The Lean It UP Clean Eating Manifesto — 17 Nutrition Tactics To Eat Cleaner, Live Leaner, And Build The Ultimate Body
It’s time to overhaul your backwards, incredibly ineffective, fat-as-hell American diet. Because frankly—statistically speaking—your eating is likely a disgusting, unmitigated disaster.
And if so, it’s completely undermining your training and any results you’re hoping to see.
From an aesthetic PoV, the way you eat has the profound power to elevate training performance, enhance recovery, accelerate fat loss, and catalyze muscle growth. It’s like a moving airport walkway or a high-powered fan — it accentuates your habits and propels everything forward, faster.
Conversely, eating utter garbage pulls everything backwards, destroys the effectiveness of workouts, and makes it incredibly difficult to see positive change. Momentum drags. You’re stuck in quicksand, slowly sinking as your health deteriorates.

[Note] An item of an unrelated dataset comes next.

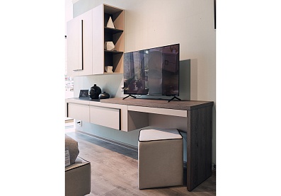 - Кромочный материал: ПВХ толщиной 0,4 и 2 мм на видимых торцах щитовых деталей, меламиновый — на невидимых;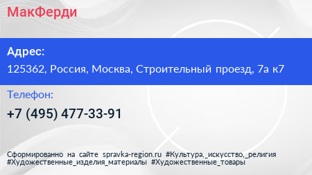 МакФерди по адресу 125362, Россия, Москва, Строительный проезд, 7а к7 в дальнейшем Организация, размещена в следующих категориях:

Effectively, when your diet is a disaster, the hard work you do put in barely keeps your body afloat. And if that effort slips whatsoever—and it will, once you inevitably lose your motivation from a lack of results—your body fat is bound to skyrocket and your physique will spontaneously combust.

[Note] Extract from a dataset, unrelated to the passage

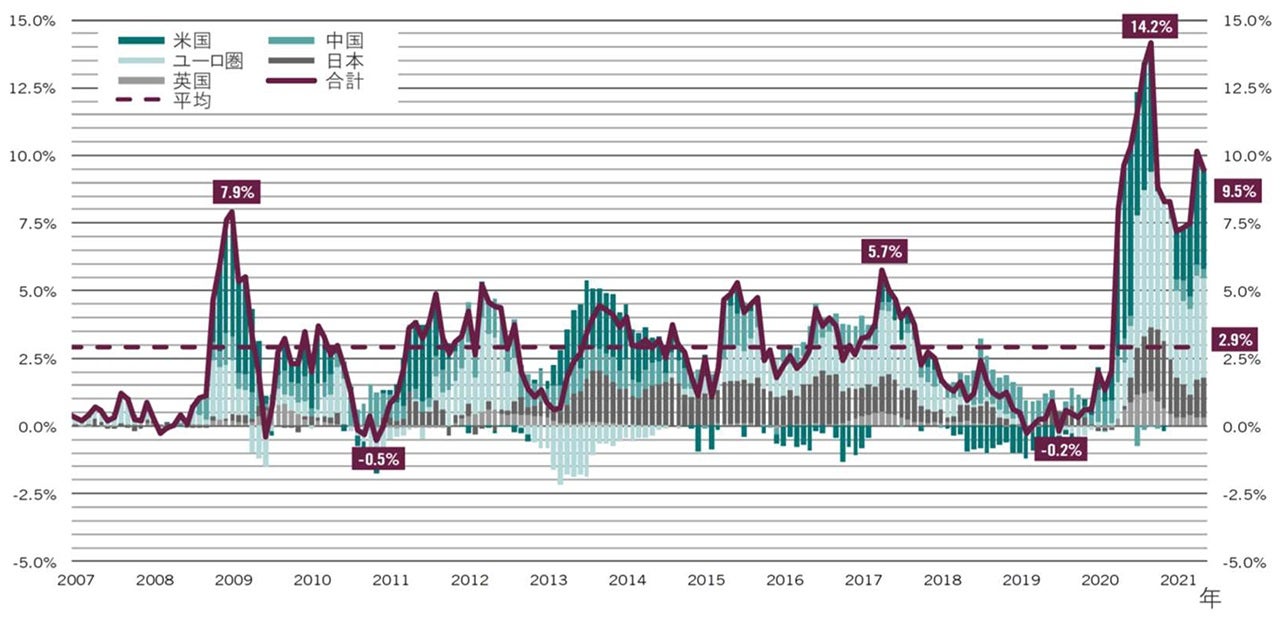 ピクテの流動性指標は、中央銀行による流動性供給が、引き続き、リスク性資産の支援要因となる状況を示唆しています。図表4は主要国・地域の中央銀行の流動性フロー(6ヵ月移動平均、対名目GDP)の推移を示したもので、コロナ・ショック以降の各中央銀行の積極的な流動性供給が過去の平均的な水準を大きく上回り、各種資産クラスの価格形成に大きな追い風となっていることを示しています。

To help revamp your “diet” (read: your pattern of eating) we’ve concocted the de facto Lean It UP Clean Eating Manifesto. It’s an insanely simple, straightforward, nutritional blueprint that’s designed to help streamline HOW you eat and actively build a killer physique; in a way that’s highly flexible, SUSTAINABLE long term, and not a royal pain in the ass.
Think of it as the 10 Commandments of eating, except that we beefed it up to 17 essential rules.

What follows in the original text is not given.